───── GIVEN INFORMATION
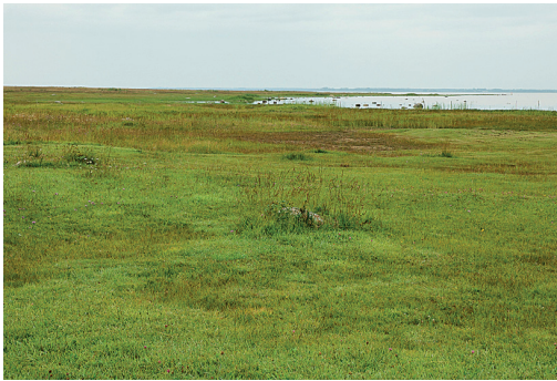
Fig. 24.2.18. The coastal grassland managed by grazing in "Matsalu" Nature Reserve in Estonia. The grassland is suitable for Calidris alpina schinzii and other waders. Vegetation is diverse with various height of sward. There are no elements fragmenting the landscape, for instance, towers, high trees or shrub belts. The stone increases the structural diversity of landscape, which is used by invertebrates.

Hillforts of the Bronze Age and Iron Age are a significant place of refuge for wild grassland species, because the southern slopes, due to their steepness and increased sun exposure take much longer to get overgrown with trees. Many hillforts even up to the middle of the 20 th century have been grazed, therefore, many of them have retained the vegetation of semi-natural grasslands (for instance, Arona
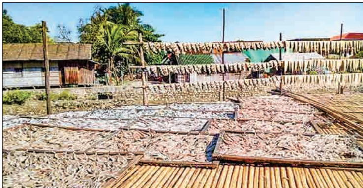
Dried fish baked in the sun.

From 2013, the Fisheries Department, under the Ministry of Agriculture, Livestock and Irrigation, has been closing the fishing area and fixing the breeding season. This year, the season will close from 16 May to 15 August. Earlier, fishing was totally restricted during the prescribed closed season. However, the fishery department relaxed this rule, allowing 20 per cent of the fishing vessels to operate during the season in response to a request made by Myanmar
──────────
PROBLEM: If the listing above includes images, copy every line of it exactly except those images.

WRITTEN ANSWER:
Fig. 24.2.18. The coastal grassland managed by grazing in "Matsalu" Nature Reserve in Estonia. The grassland is suitable for Calidris alpina schinzii and other waders. Vegetation is diverse with various height of sward. There are no elements fragmenting the landscape, for instance, towers, high trees or shrub belts. The stone increases the structural diversity of landscape, which is used by invertebrates.

Hillforts of the Bronze Age and Iron Age are a significant place of refuge for wild grassland species, because the southern slopes, due to their steepness and increased sun exposure take much longer to get overgrown with trees. Many hillforts even up to the middle of the 20 th century have been grazed, therefore, many of them have retained the vegetation of semi-natural grasslands (for instance, Arona
Dried fish baked in the sun.

From 2013, the Fisheries Department, under the Ministry of Agriculture, Livestock and Irrigation, has been closing the fishing area and fixing the breeding season. This year, the season will close from 16 May to 15 August. Earlier, fishing was totally restricted during the prescribed closed season. However, the fishery department relaxed this rule, allowing 20 per cent of the fishing vessels to operate during the season in response to a request made by Myanmar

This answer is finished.